作者:NAKO | 分类:女生 | 字数:47.0万字

第一百五十七章 旧党的反扑

书名:重生后,我被病弱镇南王娇养了 作者:NAKO 字数:3.0千字 更新时间:2026-06-16 15:59:26

幽蓝火光在钟楼顶端盘旋三圈后,骤然熄灭。沈清禾猛地回过神,手腕被谢厌舟握住,那掌心的温度灼得她几乎缩手。“瑾儿跟我走。”谢厌舟声音压得极低,“清禾,你带陆氏先回内院,哪儿都别去。”
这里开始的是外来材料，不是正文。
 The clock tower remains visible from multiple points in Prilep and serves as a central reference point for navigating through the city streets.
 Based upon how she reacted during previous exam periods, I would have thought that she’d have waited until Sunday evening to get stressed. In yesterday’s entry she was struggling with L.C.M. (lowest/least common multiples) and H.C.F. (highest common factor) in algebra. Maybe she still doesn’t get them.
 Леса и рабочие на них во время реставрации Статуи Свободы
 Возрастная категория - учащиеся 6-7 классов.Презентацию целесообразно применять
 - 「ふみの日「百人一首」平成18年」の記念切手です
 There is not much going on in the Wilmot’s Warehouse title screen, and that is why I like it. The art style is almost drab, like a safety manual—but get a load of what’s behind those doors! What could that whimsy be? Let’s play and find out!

话音未落,府门外传来整齐的马蹄声。袁戟翻身上房,落地时面色惨白:“王爷,宗人府的人到了!领头的是……是陈阁老和吏部尚书赵明德!”

陈阁老?沈清禾脑中警铃大作。前世这位年近古稀的首辅早已告老还乡,怎会突然出现在琅琊?除非——她脑中闪过一个可能,浑身血液都凉了。
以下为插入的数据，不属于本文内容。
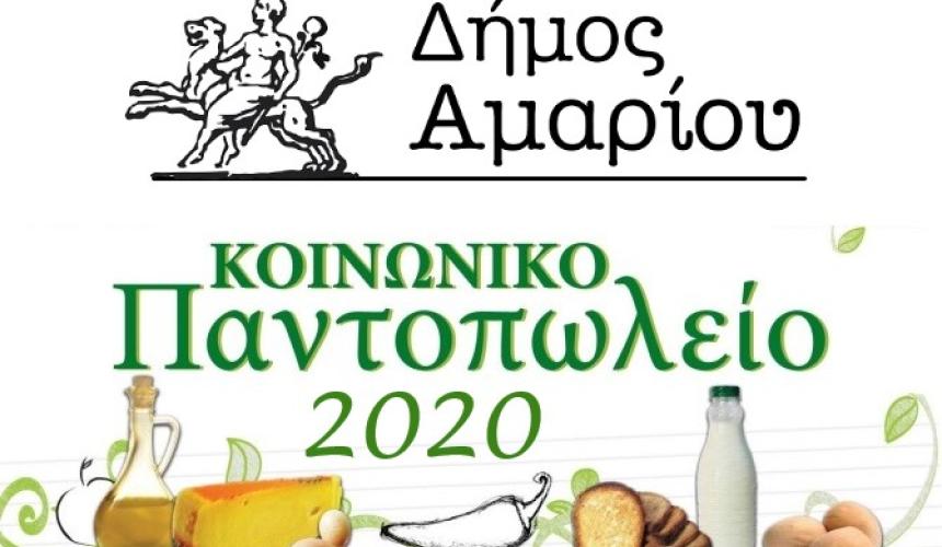 Ο Δήμος Αμαρίου ενημερώνει τους δικαιούχους του προγράμματος ΤΕΒΑ ότι θα πραγματοποιηθεί διανομή προϊόντων την Τετάρτη 24/6/2020 κατά τις ώρες 10:00 έως 12:00 το πρωί στο χώρο του Κοινωνικού Παντοπωλείου στην Κοινότητα Βυζαρίου. Ταυτόχρονα, θα γίνει διανομή προϊόντων στους δικαιούχους του Κοινωνικού Παντοπωλείου του Δήμου Αμαρίου.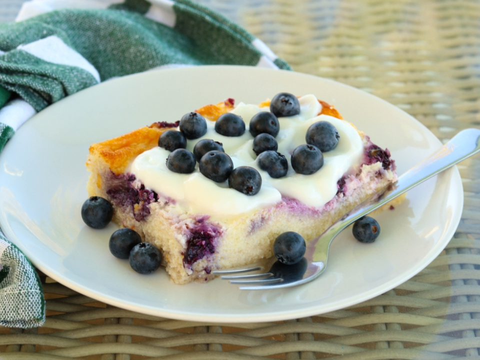 In one bowl, whisk 1/2 cup plain yogurt, 1/2 cup oil, 3/4 cup sugar, 2 eggs, and 1 teaspoon vanilla extract until well blended. Stir in 1 1/2 cups all purpose flour, 1 1/2 teaspoons baking powder, and 1/4 teaspoon salt, then fold in 1 cup fresh or frozen blueberries. Pour the batter into a greased 8 inch round pan and bake at 350°F for 32 to 38 minutes. Let it cool before slicing, and dust the top with powdered sugar if you want a light finish.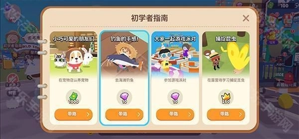 2、点开之后会有一个初学者任务指南,我们选择第二个钓鱼的手感,点击下方的带路;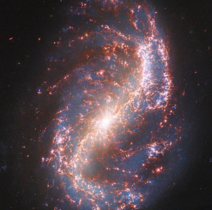 韦伯望远镜在中红外波段拍摄的棒旋星系NGC 7496,叠加在哈勃望远镜拍摄的可见光图像之上 | NASA/ESA/CSA/Judy Schmidt
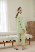 A refreshing light mint cord set featuring a button-up shirt with a spread collar, straight-cut pants, and delicate white cross-stitch embroidery for an elegant finish.

谢厌舟显然也想到了。他将瑾儿推回绿意怀里,轮椅疾转挡在府门前。软剑归鞘时,剑柄上的狼牙徽记反射出森冷的光。“本王倒要看看,陈大人深夜造访,所为何事。”

府门缓缓推开。陈阁老拄着乌木拐杖步入庭院,身后跟着的赵明德手捧明黄圣旨,两侧是十余名宗人府侍卫。烛火映照下,陈阁老满脸褶皱的脸上竟看不出半点表情。“镇南王,老夫奉旨前来,还请回避。”

“回避?”谢厌舟冷笑,“陈大人这话说得倒轻巧。”

“王爷莫要误会。”赵明德上前一步,展开圣旨,“圣上体恤王府,特降恩旨——命镇南王世子谢瑾即刻入宫承训,由太傅亲授经史,以备将来辅佐储君。”他顿了顿,“王妃沈氏教子有功,特赐内宫凤仪殿旁听资格,可随侍世子入宫。”

沈清禾手指攥紧衣袖。这圣旨听着是恩典,实则是人质威胁。瑾儿入宫,谢厌舟便被死死拿捏;而她随侍入宫,更是把她和母亲一并控制。前世她从未听说过这道旨意,显然是因为这一世局势变化,朝廷提前下手了。

“若是本王不从呢?”谢厌舟声音里没有半点温度。

陈阁老叹了口气,拐杖重重杵地:“王爷,老夫今年七十有三,本已告老。此番出山,实因朝中有人参奏——说镇南王府教养世子,竟引入西域狄语西席,传授番邦文字。”他抬眼看向谢厌舟,“更有人说,王府粮铺地窖藏甲,疑似私通外敌。王爷,这可是诛九族的大罪。”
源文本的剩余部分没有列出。